Several studies have been carried out on the isolation of pharmacologically active compounds on different parts of Cassia sophera Linn [1], but no systematic work has been reported about the analysis of fatty acid by gas chromatography and mass spectrum (GC-MS) and protein content by the Kjeldahl method and the quantification of some active secondary metabolities, i.e., alkaloid, saponin, and flavonoid content of different part (leaves, stems, flowers, and seeds) so far.

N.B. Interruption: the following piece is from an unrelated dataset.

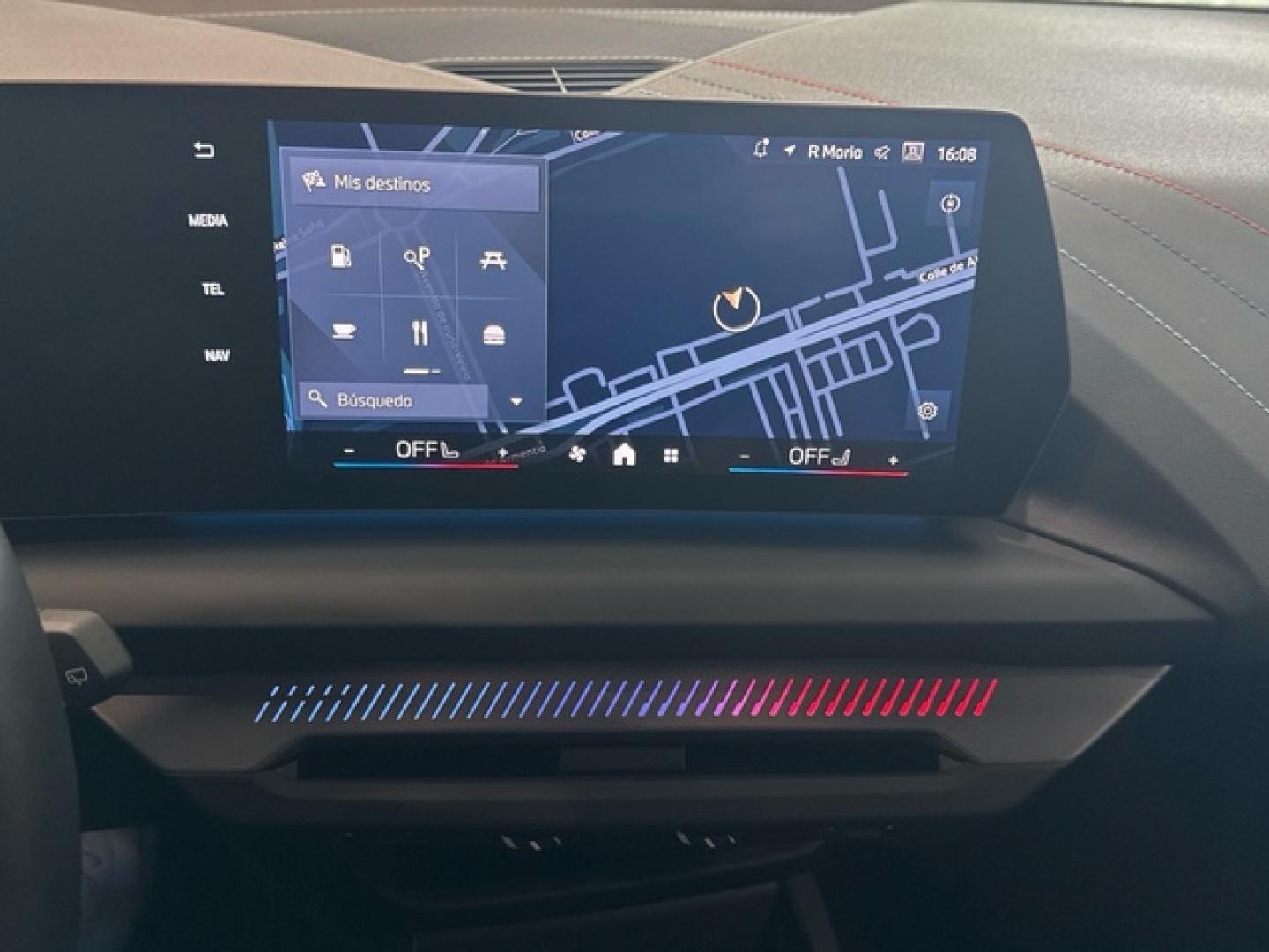 - Volante multi-función en aluminio y cuero sintético ajustable en altura y en profundidad controles táctiles

Keeping in mind the wide application of different plant parts of Cassis sophera Linn in traditional medicine and ayurvedic system, the abovementioned analysis was carried out.

2 Materials and methods

2.1 Collection of plant material

Fully matured fresh leaves, stems, flowers, and seeds of Cassia sophera Linn were collected from Sylhet, Bangladesh, in the month of June 2015 and identified by the taxonomist of Bangladesh National Herbarium, Dhaka, where a voucher specimen (No. 43734) has been deposited. Leaves, stems, flowers, and seeds were separately air dried. These dried samples were powdered using a 20-mesh screen in Willey mill and then used for subsequent analysis.

2.2 Reagents and standards

All reagents used were from Merck (Darmstadt, Germany) or Sigma Aldrich (Buchs, Switzerland). For fatty acid analysis, petroleum ether (b.p 40–60 °C, Merck, Germany) of AR grade, under normal atmospheric pressure, was employed for extraction.

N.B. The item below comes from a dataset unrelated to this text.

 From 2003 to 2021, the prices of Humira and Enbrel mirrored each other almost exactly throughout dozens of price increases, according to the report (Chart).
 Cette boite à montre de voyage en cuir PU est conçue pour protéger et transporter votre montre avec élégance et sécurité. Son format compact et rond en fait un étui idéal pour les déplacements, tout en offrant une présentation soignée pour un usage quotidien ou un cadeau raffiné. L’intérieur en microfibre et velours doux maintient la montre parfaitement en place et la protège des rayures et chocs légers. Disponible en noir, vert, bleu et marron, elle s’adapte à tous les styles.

2.3 Determination of protein content (Kjeldahl method)

Protein content was determined through the micro-Kjeldahl method [25] using 2 g of the dried powder sample of leaves, stems, flowers, and seeds of the plant separately and according to the following equation.
$$ {\displaystyle \begin{array}{l} Nitrogen\;\left(\%\right)=\frac{\left(\mathrm{ml}.\mathrm{standard}\kern0.17em \mathrm{acid}\hbox{-} \mathrm{ml}\;\mathrm{Blank}\right)\times \mathrm{N}\;\mathrm{of}\kern0.17em \mathrm{acid}\times 14\times 100}{\mathrm{Weight}\kern0.17em \mathrm{of}\kern0.17em \mathrm{sample}\kern0.17em \mathrm{taken}\kern0.17em \mathrm{in}\kern0.17em \mathrm{grams}}\\ {}\mathrm{Protein}\kern0.17em \mathrm{content}\;\left(\%\right)=\mathrm{Nitrogen}\kern0.17em \mathrm{content}\%\times 6.25\end{array}} $$

2.4 Preparation of fatty acid extract and analysis by GC-MS

2.4.1 Preparation of fatty acid extract

Fatty acids were extracted separately from the powder (50 g) of leaves, stems, flowers, and seeds of Cassia sophera Linn with petroleum ether (b.p 40–60 °C) in a Soxhlet apparatus for 72 h using the method adopted by Aziz et al. [3]. The extracts were filtered using Whatman No.1 filter paper and then vacuum distilled to remove the solvent completely. The extracts were concentrated under reduced pressure in a rotary evaporator. The leaf extract was 8.92 g (8.92% w/w), and the extract from stems was 0.49 g (0.49% w/w), from flowers was 5.30 g (5.30% w/w), and from seeds was (1.10% w/w). All the extracts were kept in a nitrogen atmosphere in a refrigerator.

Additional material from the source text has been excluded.